■ WHAT TO DO
What you write must match, character for character, the lines from the one with "Petites boucles d'oreilles" down to the one with "全新改版的2021年世界排名" in the listing below, minus its pictures.

■ DATA RECORDS
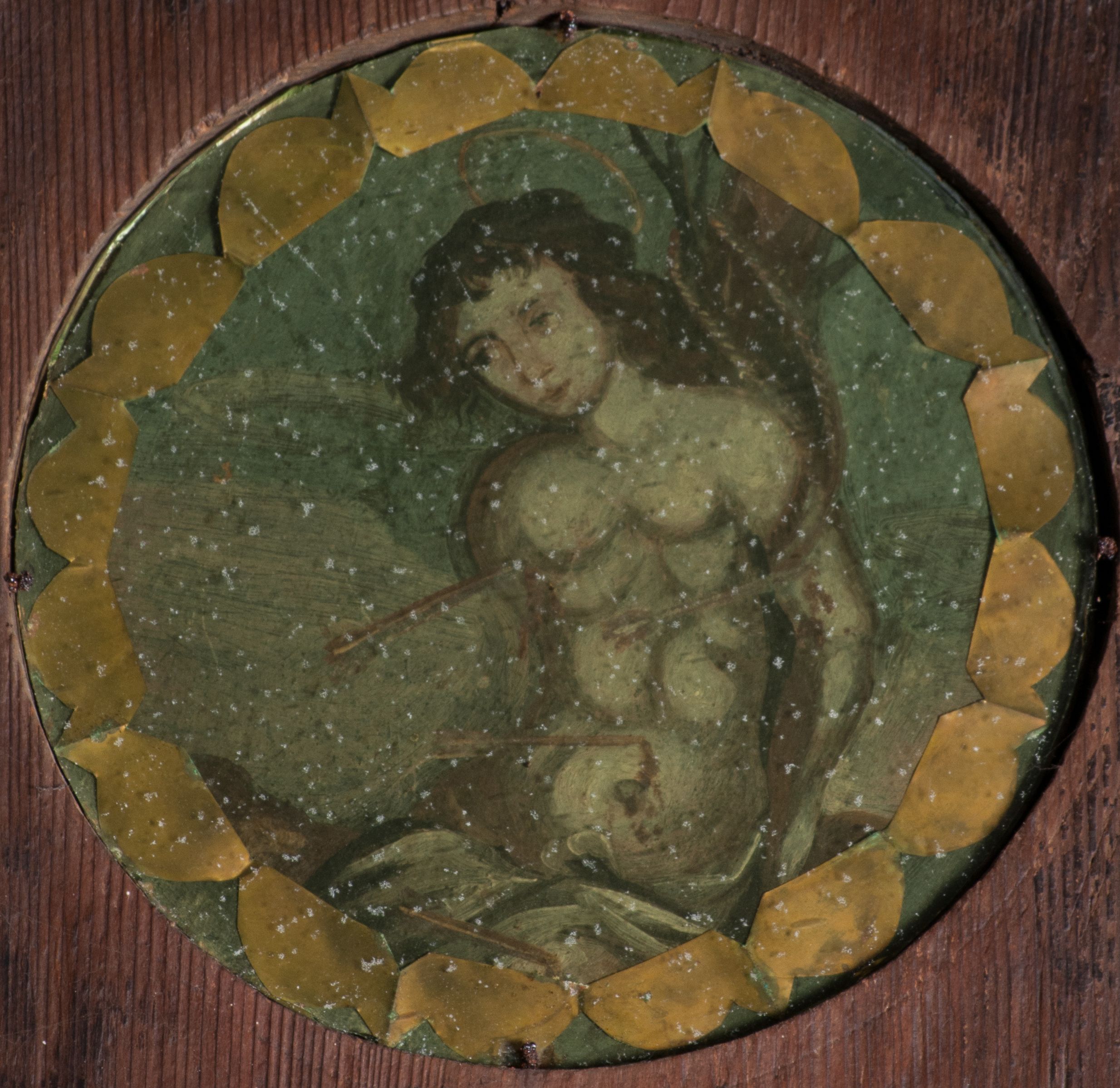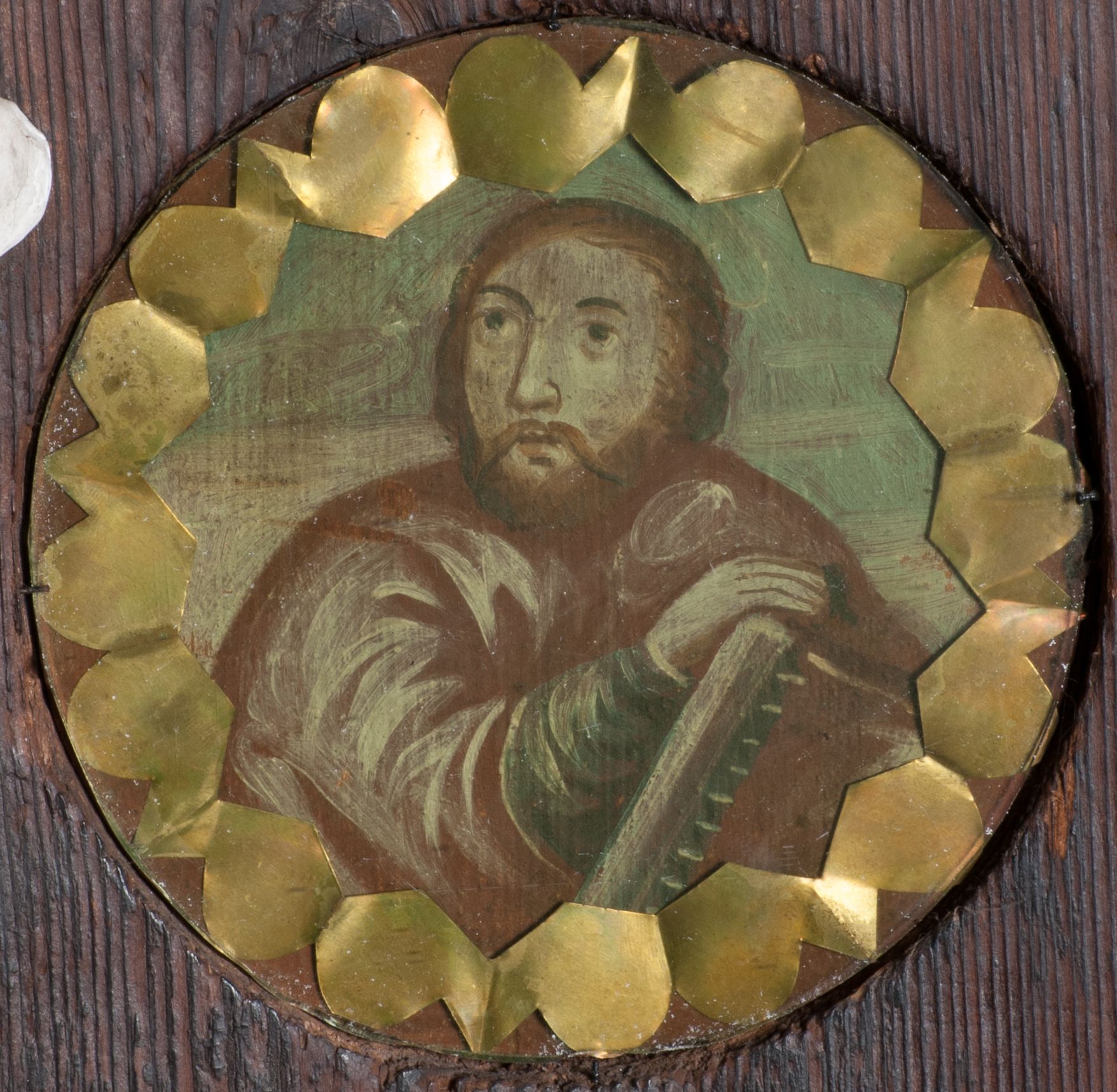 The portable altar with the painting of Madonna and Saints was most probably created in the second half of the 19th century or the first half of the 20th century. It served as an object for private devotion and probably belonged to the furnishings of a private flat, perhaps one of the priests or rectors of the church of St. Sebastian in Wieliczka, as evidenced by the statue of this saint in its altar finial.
---
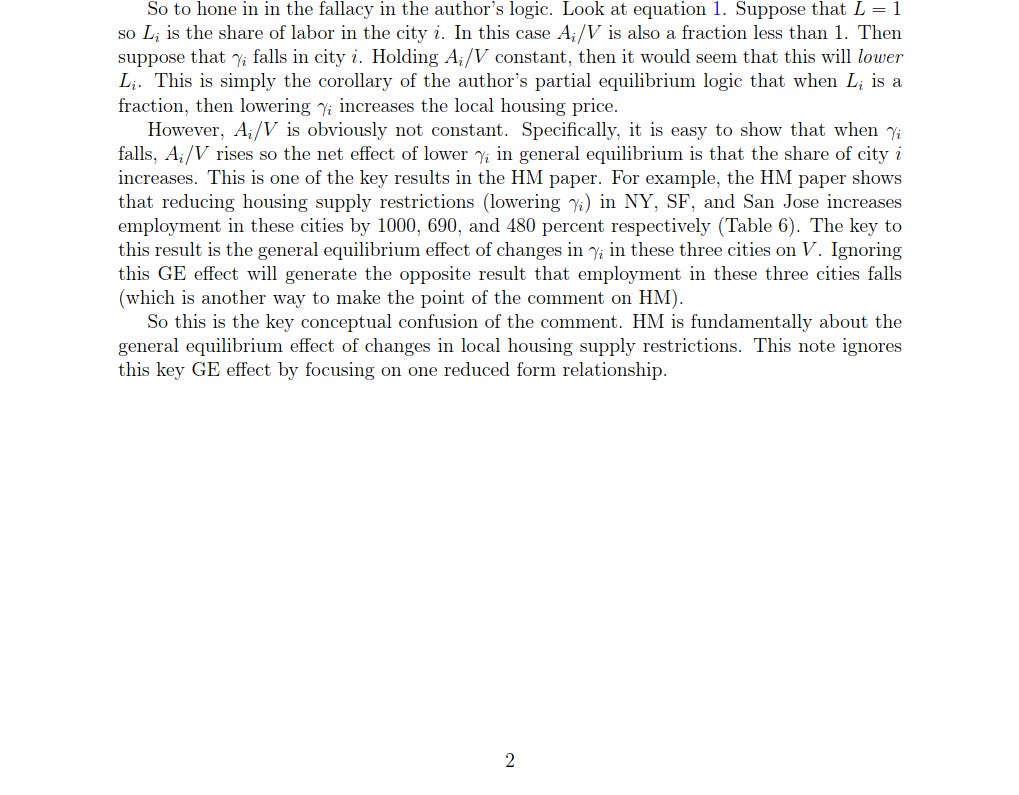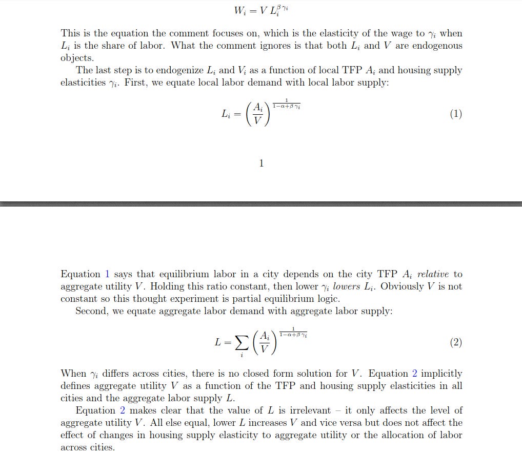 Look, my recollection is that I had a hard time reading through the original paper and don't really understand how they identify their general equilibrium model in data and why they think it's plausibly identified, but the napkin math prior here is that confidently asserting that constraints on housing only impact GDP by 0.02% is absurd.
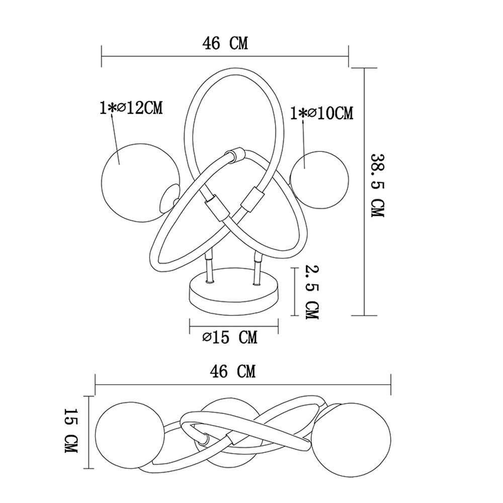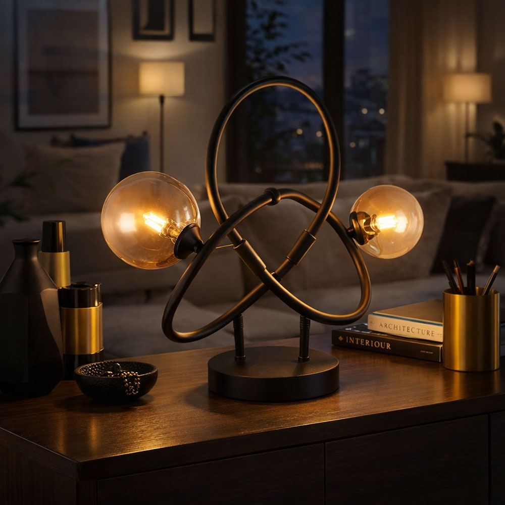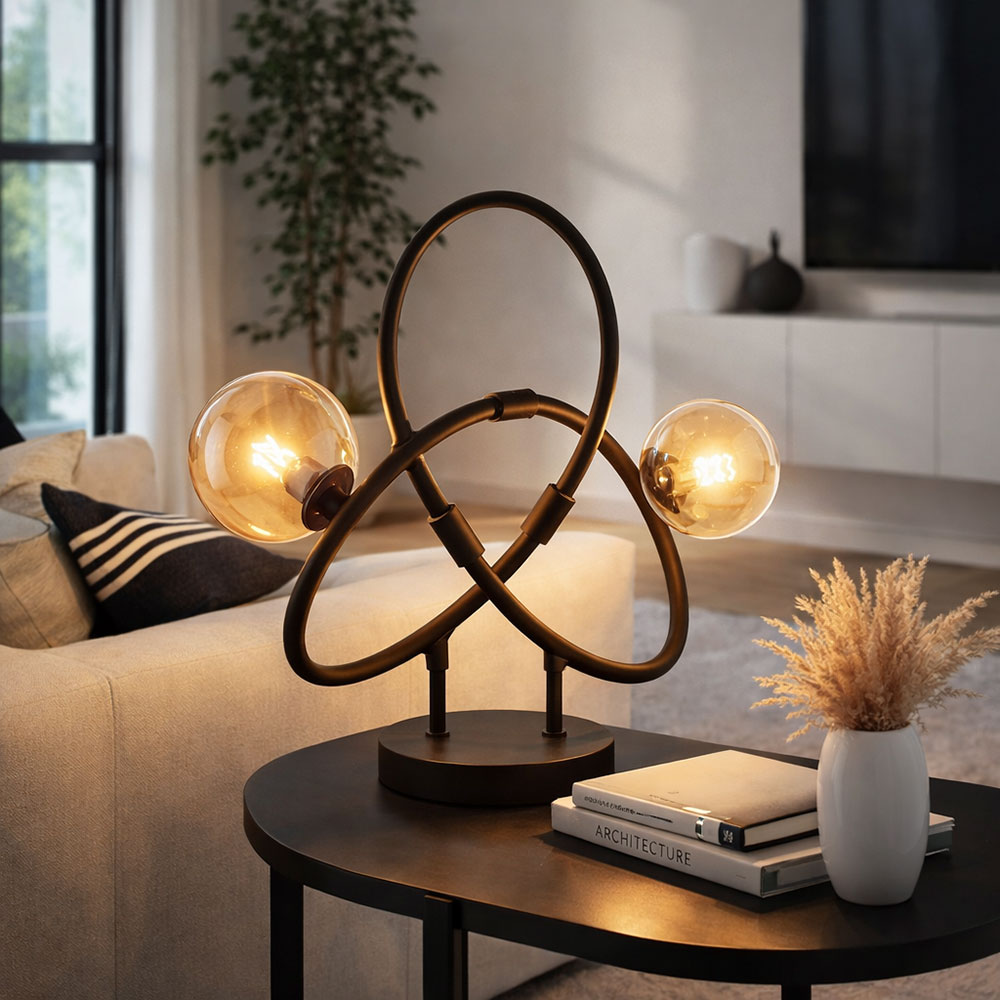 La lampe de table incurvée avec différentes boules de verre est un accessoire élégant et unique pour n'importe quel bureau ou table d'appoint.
--
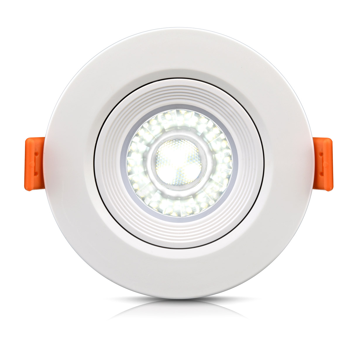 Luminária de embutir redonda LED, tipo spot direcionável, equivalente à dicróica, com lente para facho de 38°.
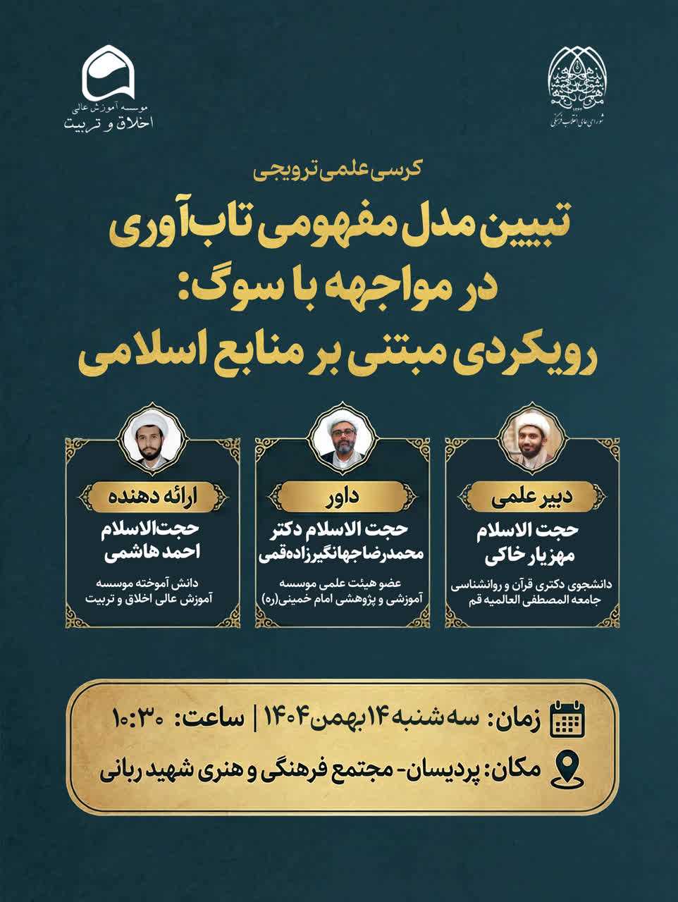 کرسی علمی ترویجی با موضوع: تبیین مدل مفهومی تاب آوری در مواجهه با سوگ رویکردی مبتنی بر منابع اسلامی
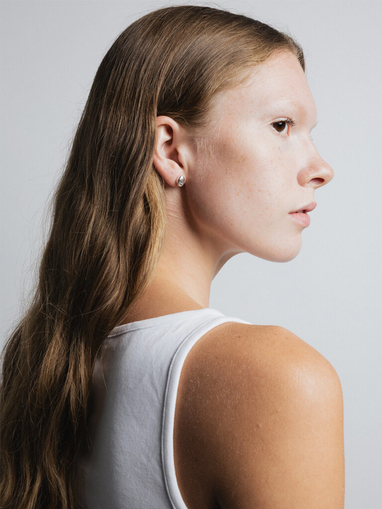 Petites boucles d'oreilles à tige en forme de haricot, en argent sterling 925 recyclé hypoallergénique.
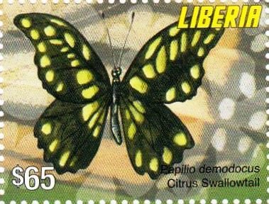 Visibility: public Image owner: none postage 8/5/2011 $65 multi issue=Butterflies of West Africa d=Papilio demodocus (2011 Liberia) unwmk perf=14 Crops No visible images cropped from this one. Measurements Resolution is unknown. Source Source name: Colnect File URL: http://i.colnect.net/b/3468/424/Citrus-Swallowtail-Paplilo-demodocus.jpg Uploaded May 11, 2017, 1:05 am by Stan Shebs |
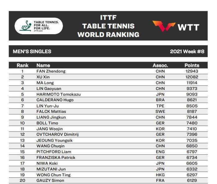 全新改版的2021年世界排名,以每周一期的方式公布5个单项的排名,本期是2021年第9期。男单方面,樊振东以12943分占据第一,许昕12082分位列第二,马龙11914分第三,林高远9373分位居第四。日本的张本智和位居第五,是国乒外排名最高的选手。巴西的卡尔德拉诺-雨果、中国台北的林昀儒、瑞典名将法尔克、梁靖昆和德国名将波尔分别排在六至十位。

■ ANSWER BOX
 Petites boucles d'oreilles à tige en forme de haricot, en argent sterling 925 recyclé hypoallergénique.
 Visibility: public Image owner: none postage 8/5/2011 $65 multi issue=Butterflies of West Africa d=Papilio demodocus (2011 Liberia) unwmk perf=14 Crops No visible images cropped from this one. Measurements Resolution is unknown. Source Source name: Colnect File URL: http://i.colnect.net/b/3468/424/Citrus-Swallowtail-Paplilo-demodocus.jpg Uploaded May 11, 2017, 1:05 am by Stan Shebs |
 全新改版的2021年世界排名,以每周一期的方式公布5个单项的排名,本期是2021年第9期。男单方面,樊振东以12943分占据第一,许昕12082分位列第二,马龙11914分第三,林高远9373分位居第四。日本的张本智和位居第五,是国乒外排名最高的选手。巴西的卡尔德拉诺-雨果、中国台北的林昀儒、瑞典名将法尔克、梁靖昆和德国名将波尔分别排在六至十位。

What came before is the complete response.